Please set down, unchanged, each line from the one with "Peças cuidadosamente produzidas" to the final line of the data below, both included. Drop the pictures.

[Extracted records]
....

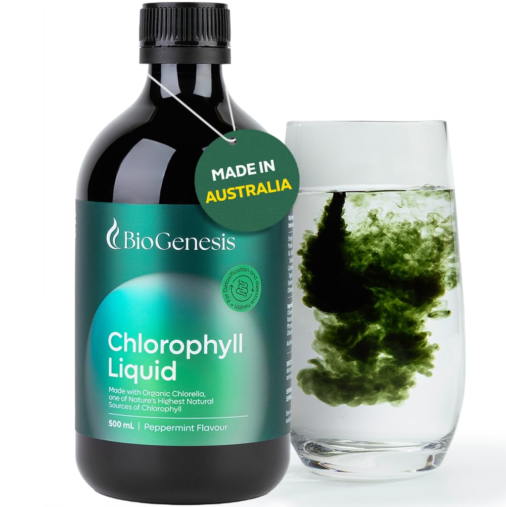 Certified Australian Grown – Pure, Trusted Sustainably Farmed— BioGenesis is proudly the only certified "Australian Made Grown" brand. Cultivated in the Great Barrier Reef region using biodynamic technology and pure spring water, our greens are lab-tested and pesticide-free. Clean Nutrition from Pure Extracts — Our Chlorophyll Liquid is made from organic chlorella and spirulina extracts through our patented hydrodynamic process to retain their natural nutrients for superior bioavailability. Unlike competitor's harshly treated formulas, BioGenesis preserves the purity, potency, and fresh essence of nature's finest greens in every drop. Nutrient-Rich Green Vitality in Every Sip — Each serving of BioGenesis Chlorophyll Liquid combines Organic Chlorella and Organic Spirulina Powders, natural sources of protein, chlorophyll, and potassium. Together, they deliver a powerful blend of essential vitamins, minerals, and antioxidants that help energize your cells and promote overall well-being. Convenient Daily Wellness —Enjoy the refreshing taste of our peppermint-flavoured liquid chlorophyll concentrate, free from artificial colours, flavours, and sweeteners. Simply shake the bottle and take 3 teaspoons (15ml) mixed with 250ml of water, juice, or your favorite smoothie. Feeling a little low or out of sync? BioGenesis Chlorophyll Liquid is your daily boost—rich in natural chlorophyll and antioxidants to refresh, cleanse, deodarize and energize from within. Supports gentle cleansing, gut health, digestion, and everyday vitality for a naturally balanced you.
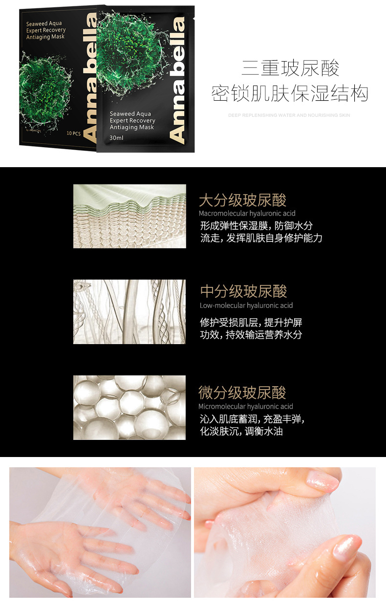 【一般贸易中文标】泰国进口安娜贝拉Annabella海藻面膜黑金版10P
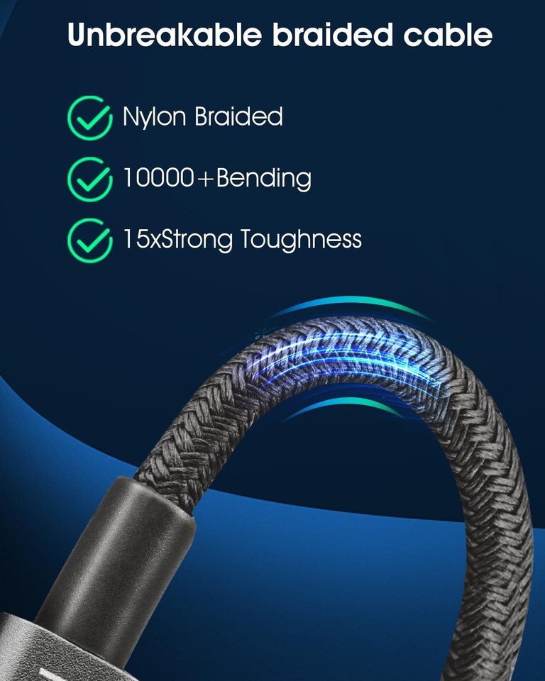 [Upgraded 15X Durable] The C cable is made of revolutionary fishing net braided wire, and have undergone 10,000+ bending tests, resulting in a longer lifespan compared to ordinary TPE C to C cables.
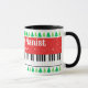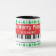 Grand piano keys Christmas mug for a piano player, pianist, student, teacher, musician, instructor, kids, friends, etc. Black and white piano keys and snowflakes on red stripes, Christmas tree at the top and bottom, with elegant script typography "One Merry Pianist!". Elegant personalised winter Holiday gift idea for him or her.
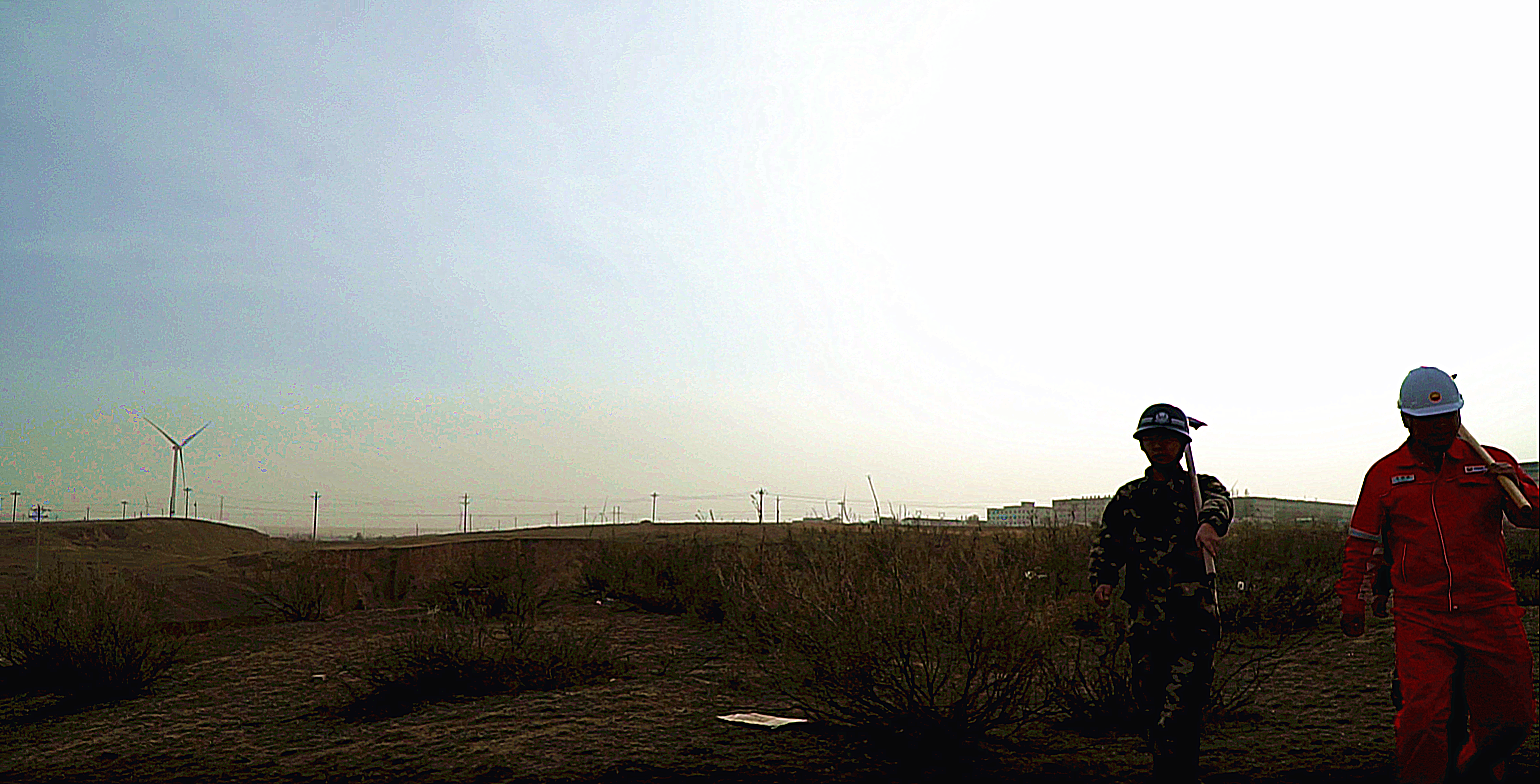 初冬的雪纷纷扬扬,茫茫沙漠滩上沙沙风响。管道巡护运维队队长胥耀辉和巡护队员们迈着顽强的程序一步一个足迹测量着输油管道。
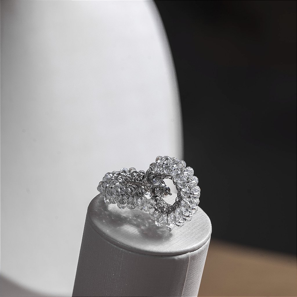 Peças cuidadosamente produzidas em fios de cobre com banho antialérgico em ouro 18k ou paládio. A peça tem seu brilho próprio com cristais, vidrilhos e pedras naturais.
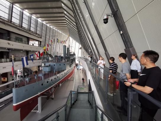 中山舰博物馆作为首批国家国防教育示范基地,安放着在武汉会战中被日机炸沉的百年名舰——中山舰,是中国近代史的重要见证物,它斑驳的伤痕,展现了抗日英烈为国捐躯、铁血悲歌的革命精神。通过参观学习,大家追寻中山舰的历史烟尘,瞻仰中山舰的昂首英姿,深切地感受中华民族百年来兴衰沉浮的历史,深切地缅怀革命先驱和抗战英烈。
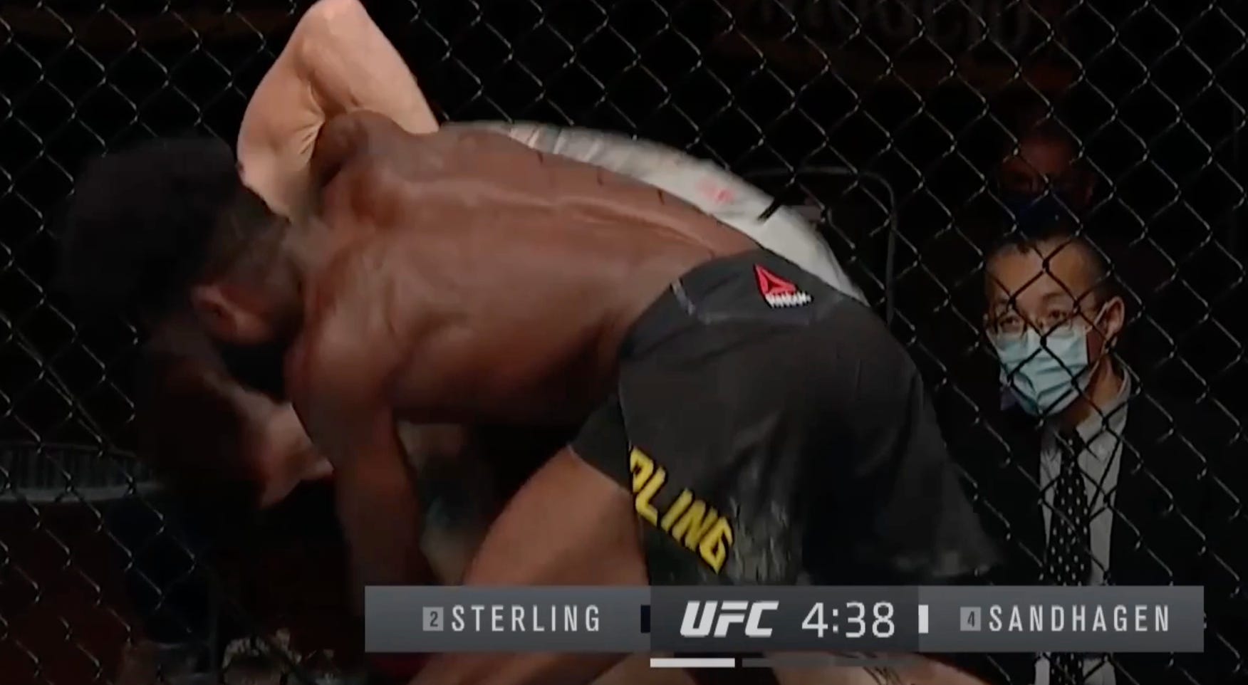 While pushing Sandhagen into the fence, Sterling digs his under hook and looks to grip Sandhagen’s opposite triceps

....

→ **Answer**
 Peças cuidadosamente produzidas em fios de cobre com banho antialérgico em ouro 18k ou paládio. A peça tem seu brilho próprio com cristais, vidrilhos e pedras naturais.
 中山舰博物馆作为首批国家国防教育示范基地,安放着在武汉会战中被日机炸沉的百年名舰——中山舰,是中国近代史的重要见证物,它斑驳的伤痕,展现了抗日英烈为国捐躯、铁血悲歌的革命精神。通过参观学习,大家追寻中山舰的历史烟尘,瞻仰中山舰的昂首英姿,深切地感受中华民族百年来兴衰沉浮的历史,深切地缅怀革命先驱和抗战英烈。
 While pushing Sandhagen into the fence, Sterling digs his under hook and looks to grip Sandhagen’s opposite triceps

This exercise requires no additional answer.